Input for this task:
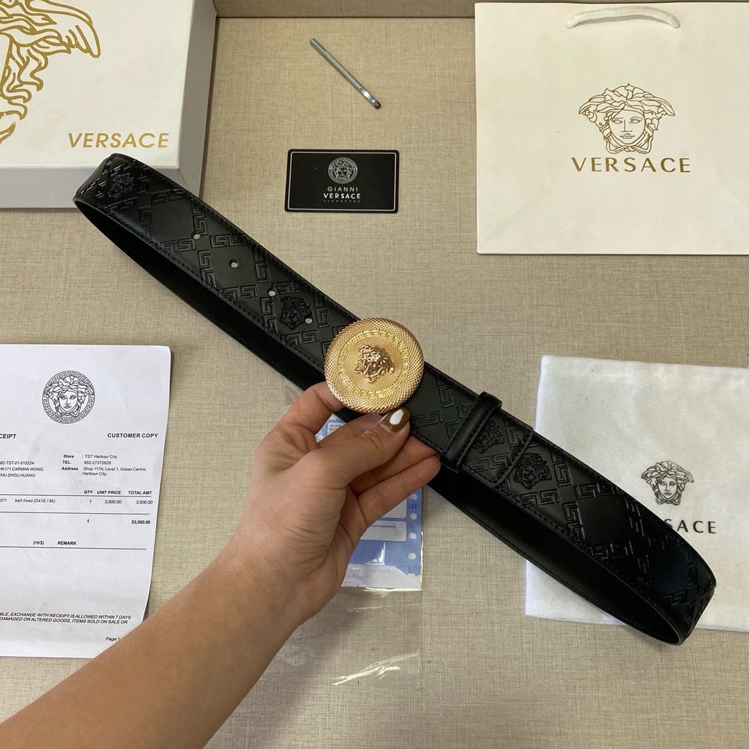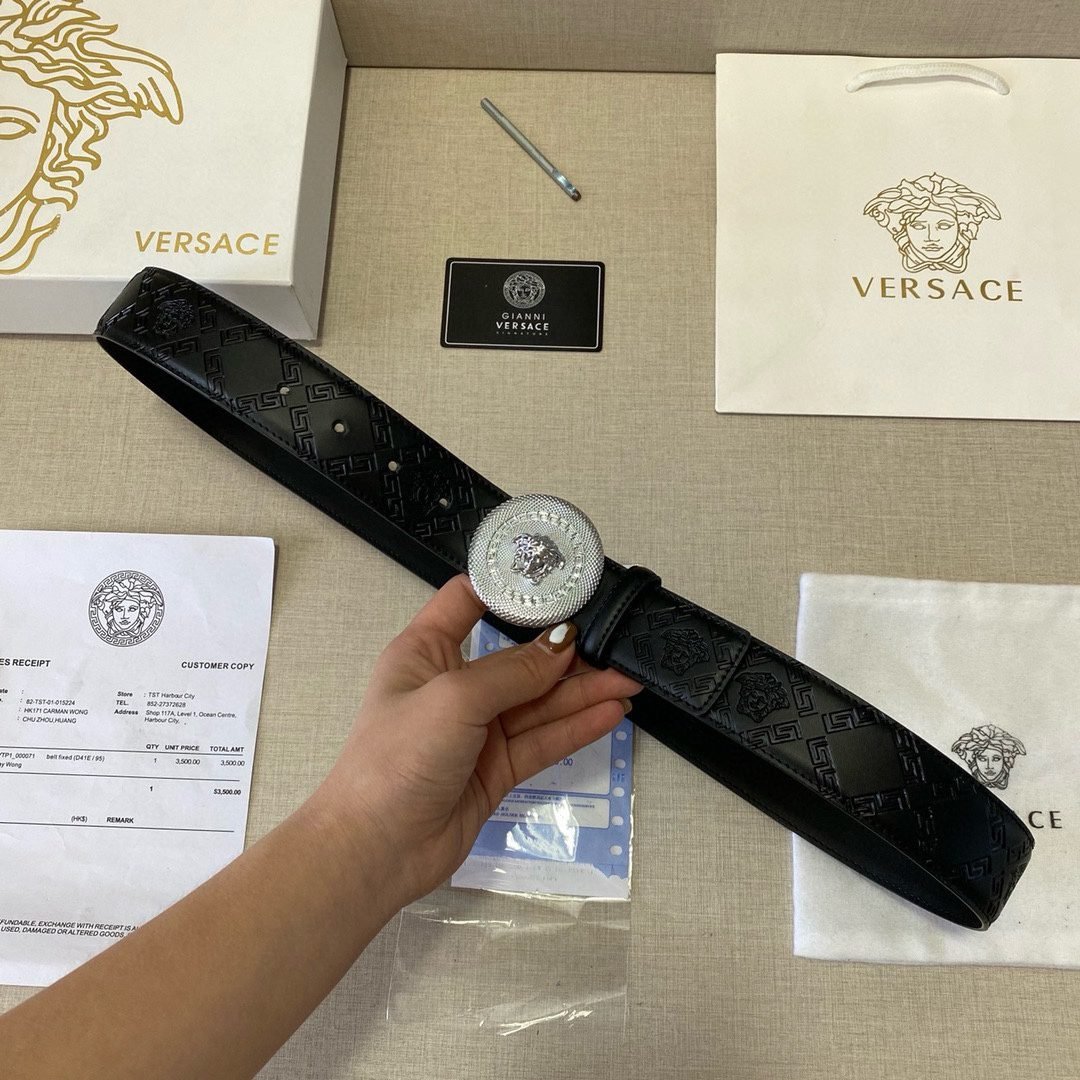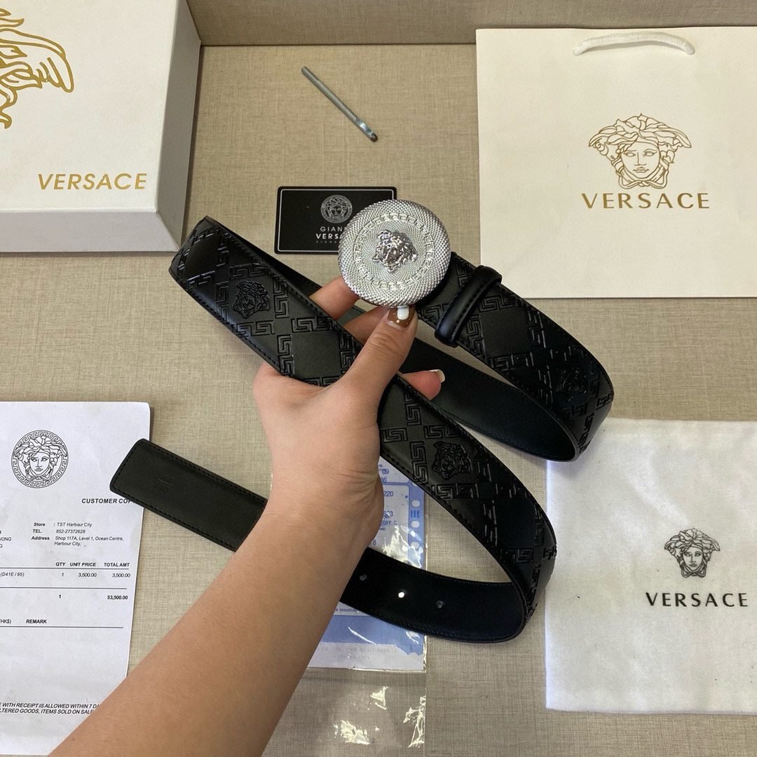 2.Classic design: The belt buckle is engraved with the “VERSACE” logo, showcasing the brand’s unique charm.
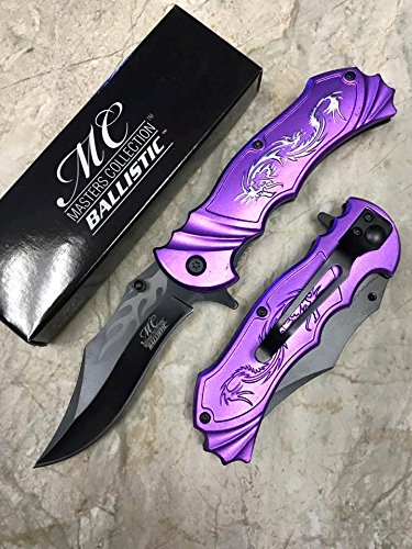 Master Cutlery Collection Dragon Fire Flame Pattern Spring Assisted Stainless Steel Knife, 4.5 Closed (Purple)
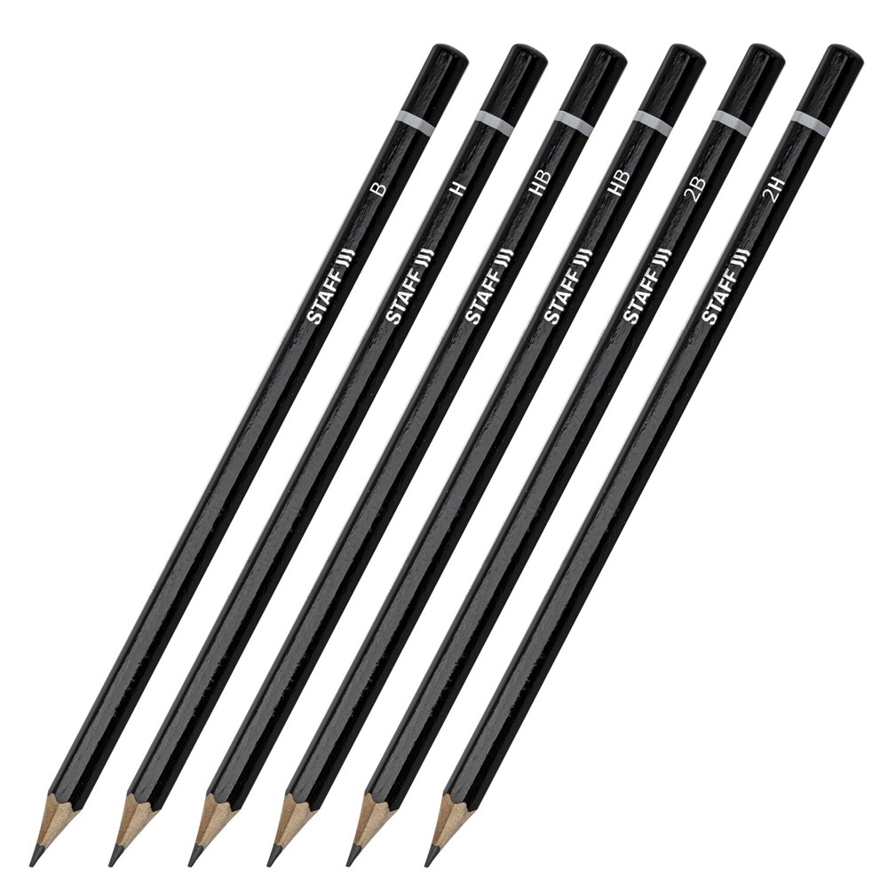Набор чернографитных карандашей STAFF "College" – универсален для дома, офиса и школы. Подходит для чертежей, письма и рисования.Карандаши изготовлены из дерева высокого качества. Имеют шестигранное сечение. Карандаши длиной 175 мм легко точатся и не крошатся. Набор состоит из карандашей различных степеней твердости: 2H – 1 штука, Н – 1 штука, НВ – 2 штуки, В – 1 штука и 2B – 1 штука. Диаметр грифеля – 2,2 мм. Выполнены в черном цвете. Поставляются заточенными.
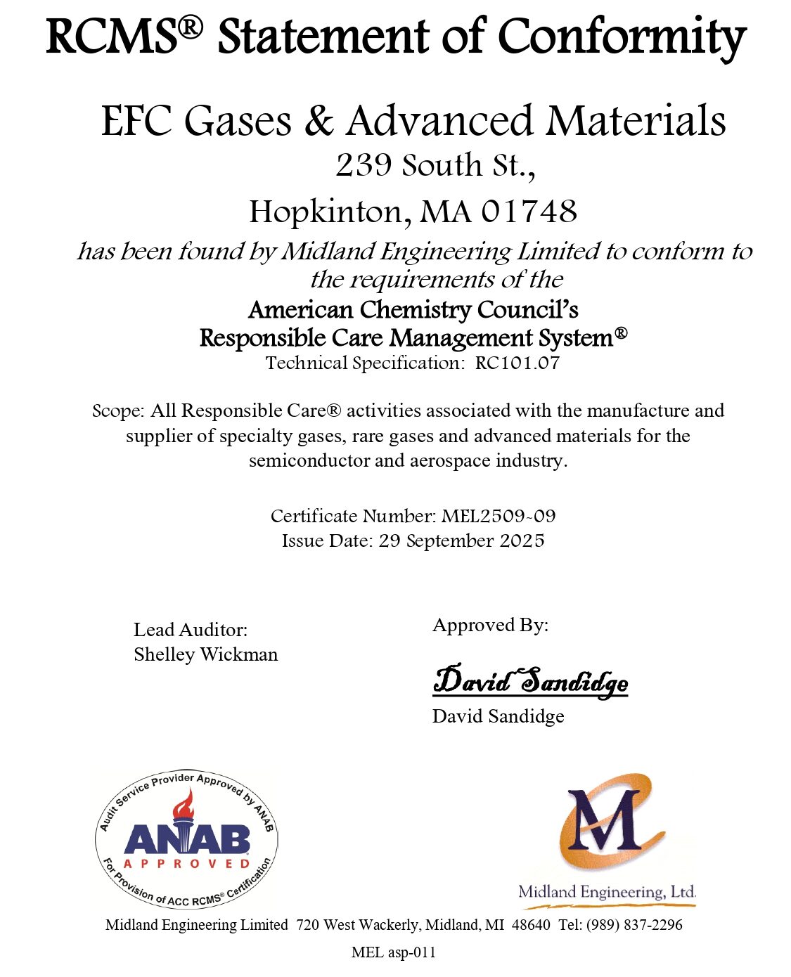 EFC Gases & Advanced Materials, a recognized leader in high-purity gases and chemical precursors for the semiconductor, aerospace, and advanced technology industries, today announced certification under the American Chemistry Council’s Responsible Care® program, the industry’s leading initiative for advancing environmental, health, safety, and sustainability (EHS&S) standards.
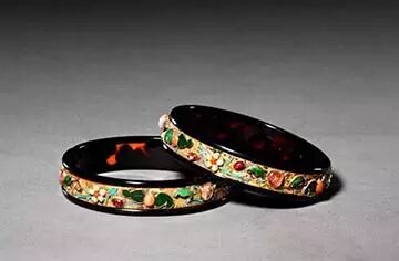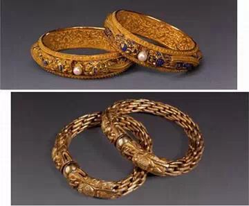 想到手镯,马上想到翡翠和白玉是不是?宫廷收藏当然得有,虽然并不是咱心心念念的老坑玻璃种帝王绿or极品羊脂玉,好吧人家成双成对还雕了花,皇家出品还是有够精致的说。
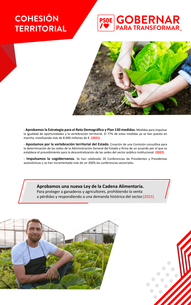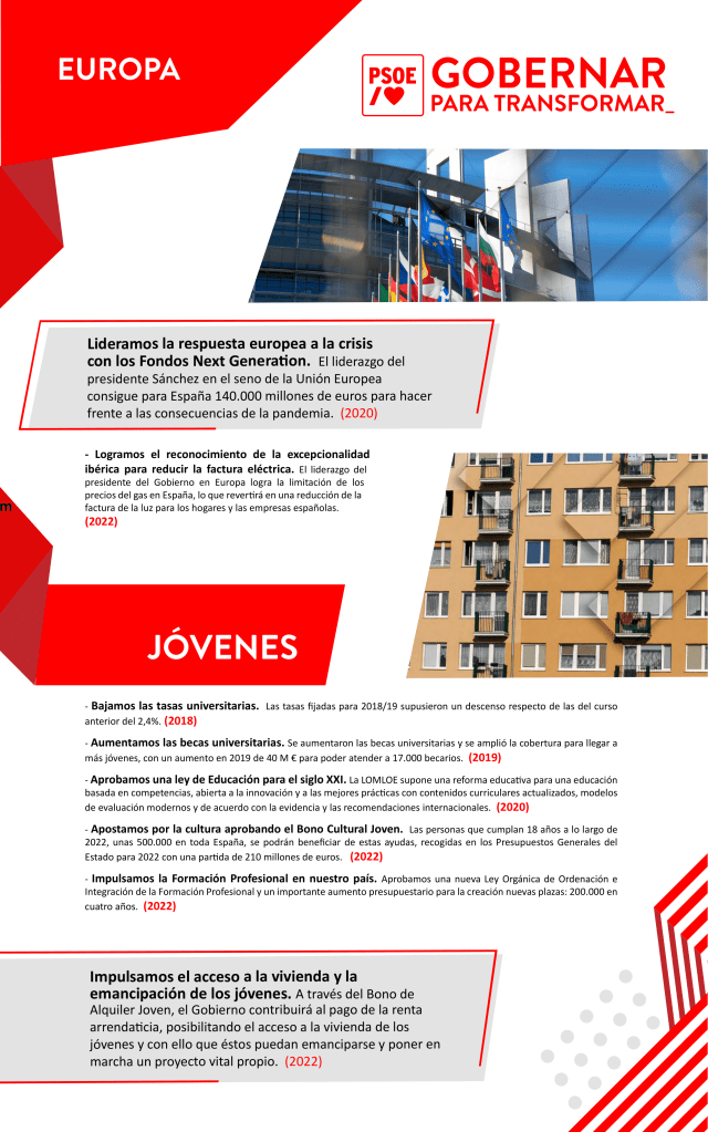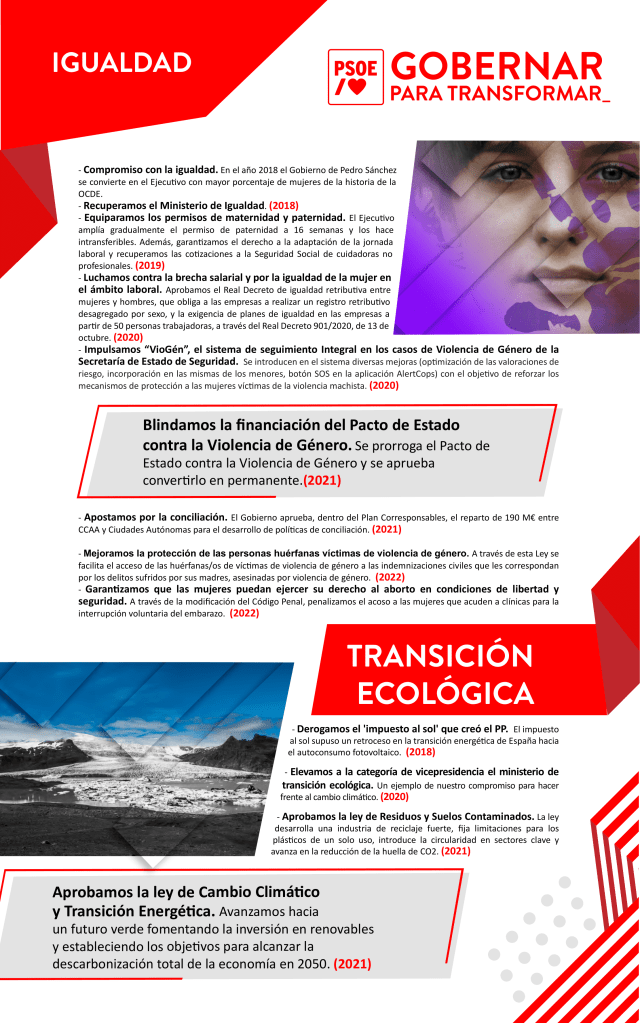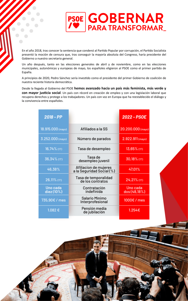 Os e as socialistas explican que “nós gobernamos para mellorar o presente e o futuro, mentres o PP segue ancorado no seu pasado», algo que se evidencia “facendo balance dos catro anos transcorridos desde que o PSOE chegou ao Goberno” e que se recolle no plan ‘Gobernar para transformar’ onde “queda evidenciado todo o que España avanzou neste tempo”.
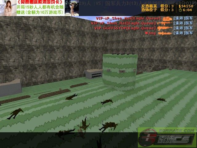 补给箱:补给箱里装有:子弹、手雷、AK47、M249、P90、T手枪、CT手枪、双枪、加20血、地雷[也就是减10HP]、2000元和任意一个兵种一名
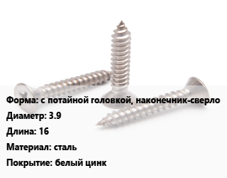 Саморез с потайной головкой, наконечник-сверло D=3.9 L=16 сталь белый цинк, кг, для оконного профиля цена от 96 ₽ / кг, где купить, условия доставки в Ярославле и Ярославской области
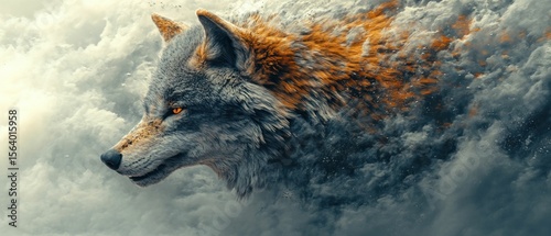 Wolf shrouded in ethereal clouds
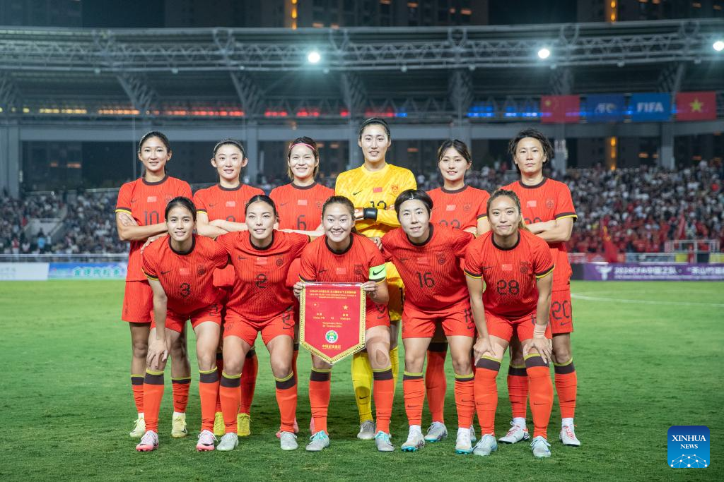 Players of China pose for a group photo before the match between China and Vietnam at 2024 CFA Team China International Women's Football Tournament Yongchuan in Chongqing, southwest China, Oct. 29, 2024. (Xinhua/Huang Wei)

Required work: The lines to copy exactly start with the line above that has "Master Cutlery Collection" and go on through the line that has "想到手镯,马上想到翡翠和白玉"; please include both, add nothing else, and omit the pictures.

Response area:
 Master Cutlery Collection Dragon Fire Flame Pattern Spring Assisted Stainless Steel Knife, 4.5 Closed (Purple)
Набор чернографитных карандашей STAFF "College" – универсален для дома, офиса и школы. Подходит для чертежей, письма и рисования.Карандаши изготовлены из дерева высокого качества. Имеют шестигранное сечение. Карандаши длиной 175 мм легко точатся и не крошатся. Набор состоит из карандашей различных степеней твердости: 2H – 1 штука, Н – 1 штука, НВ – 2 штуки, В – 1 штука и 2B – 1 штука. Диаметр грифеля – 2,2 мм. Выполнены в черном цвете. Поставляются заточенными.
 EFC Gases & Advanced Materials, a recognized leader in high-purity gases and chemical precursors for the semiconductor, aerospace, and advanced technology industries, today announced certification under the American Chemistry Council’s Responsible Care® program, the industry’s leading initiative for advancing environmental, health, safety, and sustainability (EHS&S) standards.
 想到手镯,马上想到翡翠和白玉是不是?宫廷收藏当然得有,虽然并不是咱心心念念的老坑玻璃种帝王绿or极品羊脂玉,好吧人家成双成对还雕了花,皇家出品还是有够精致的说。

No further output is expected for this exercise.